Biologic properties of a purified antigen-specific suppressive glycopeptide

M. Fresno, L. Mc-Vay Boudreau, G. Nabel, H. Cantor

Research output: Contribution to journalArticlepeer-review

4 Scopus citations


Activation of antibody-forming (B) lymphocytes to most antigens requires induction by thymus-derived (T) lymphocytes. In addition, analysis of T cells has shown that this class of lymphocyte is capable of exerting specific suppressive effects. These two functions are mediated by different sets of T lymphocytes that each express a different and characteristic pattern of cell-surface glycoproteins. In addition, unlike T-helper cells, suppressor T cells can bind to antigen-coated columns. Recently supernates from cultures in vitro suppressor cells have been shown to mimic the action of T suppressor cells.
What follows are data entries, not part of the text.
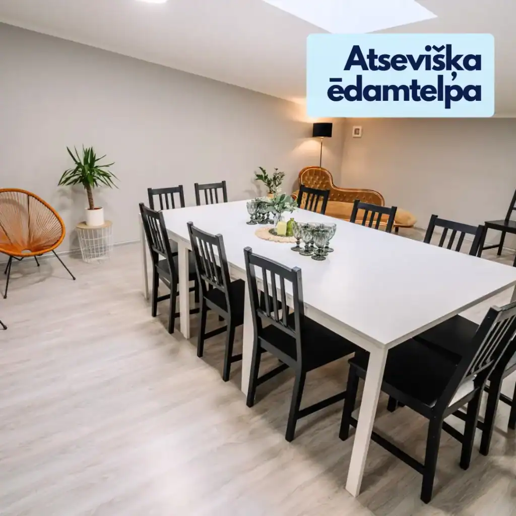 Kopā atpūtai pieejamas 2 atpūtas telpas 90 kv. m. platībā ar iespēju atsevišķā telpā nodalīt ēdamzonu vai citas aktivitātes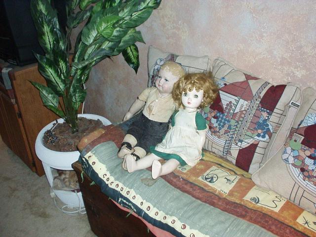 Charle and Melinda again. The fake diffenbachia was a gift from Mary's mother, who thought we might use it as a litterbox. We put some soft cushions and a heating pad into it instead, and our old lady, Abby, loves to snuggle there you can just make out her flank and tail in the opening. |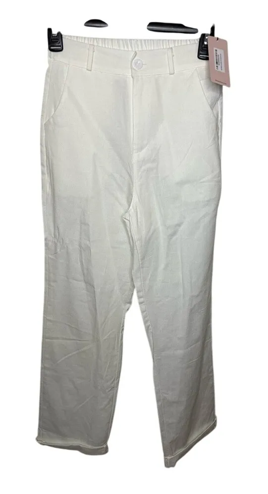 Crisp, modern lines define these new Shop Micas trousers, a versatile staple for any wardrobe. The bright white hue offers a clean, fresh look, enhanced by the flattering high waist design. With a comfortable elasticated waistband and classic straight leg, these pants combine ease of wear with timeless style. The cuffed hem adds a touch of relaxed sophistication, making them perfect for a casual brunch, a day at the office, or an evening out. Keywords: Shop Micas, White pants, High waist trousers, Straight leg pants, Elastic waist, Cuffed hem, Casual pants, New with tags, womens pants, XS, Trousers, Comfortable pants, Dress pants, Summer pants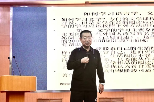 刘振前教授以“学会学习——怎样才能学好外语”为题,结合个人学习和教学经验,用生动的事例、风趣的讲解深刻分析了当前英语专业的发展趋势和就业前景。同时,他还深入探讨了文学、语言学、翻译与语言学习之间的关系,为同学们提供了针对性的学习方法,并从“如何培养听力与口语表达能力”和“如何提高阅读与写作能力”两个方面,给同学们提出了具体建议。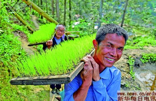 在黔桂乌英苗寨,村民扛着秧苗上山,准备插秧(4月16日摄)。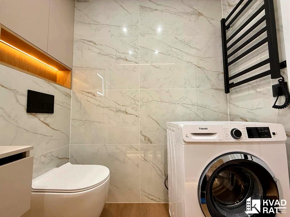 - просторий санвузол з тропічним душем, рукомийник і дзеркалом з підсвіткою, пральна машина, інсталяція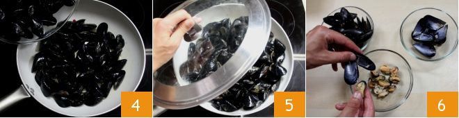 Geben Sie die Miesmuscheln in die Pfanne 4, rühren Sie um und decken Sie sie mit einem Deckel ab 5, damit sich die Schalen öffnen: dies dauert etwa 5 Minuten. Während die Miesmuscheln kochen, entfernen Sie die gelbe Schale der unbehandelten Zitrone mit einem Messer und schneiden Sie sie in hauchdünne Streifen. Wenn sich die Miesmuscheln geöffnet haben, lassen Sie das Wasser ab und schälen Sie sie 6.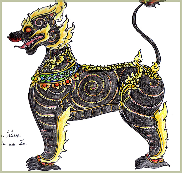 อ้อ..ผมมีภาพลายเส้นเทียบจากแบบโบราณ แถมให้หลวงพี่ดูอีกรูปด้วยครับ เป็นภาพ "กาละสีหะ พื้นดำ คู่ ๑๕ หน้า" (สะกดแบบโบราณ) เป็นภาพที่สแกนมาจากหนังสือ "สัตว์หิมพานต์ จากสมุดไทยดำของหอสมุดแห่งชาติ" (ขอบคุณพี่ยีนส์ จากเว็บ เรือนไทย.วิชาการ.คอม ที่เอื้อเฟื้อภาพสแกนครับ) ซึ่งเป็นผลงานของครูช่างสมัยปลายรัชกาลที่ ๓ มีสัดส่วนที่งดงามมาก หลวงพี่สามารถดูเทียบได้ครับ ขอให้วาดเล่นๆ ให้สนุกครับ (๒๖ พ.ค. ๒๕๕๓)

However, so far, analysis of this material has not permitted a clear insight into the structural basis of antigen-specific suppression. We have developed a general method that allows the production of large numbers of continuous propagatable antigen specific inducer or suppressor clones. Analysis of these clones reveals that all Ly-1-,2+ clones tested carry suppressor but not helper activity and secrete a characteristic pattern of polypeptides that differ from other cloned T-cell sets. The ability to generate large numbers of cloned, antigen-specific suppressor T-cells has allowed us to analyze the structural basis of specific suppressive activity. We describe here the characteristics of an antigen specific suppressor molecule secreted by one of these clones.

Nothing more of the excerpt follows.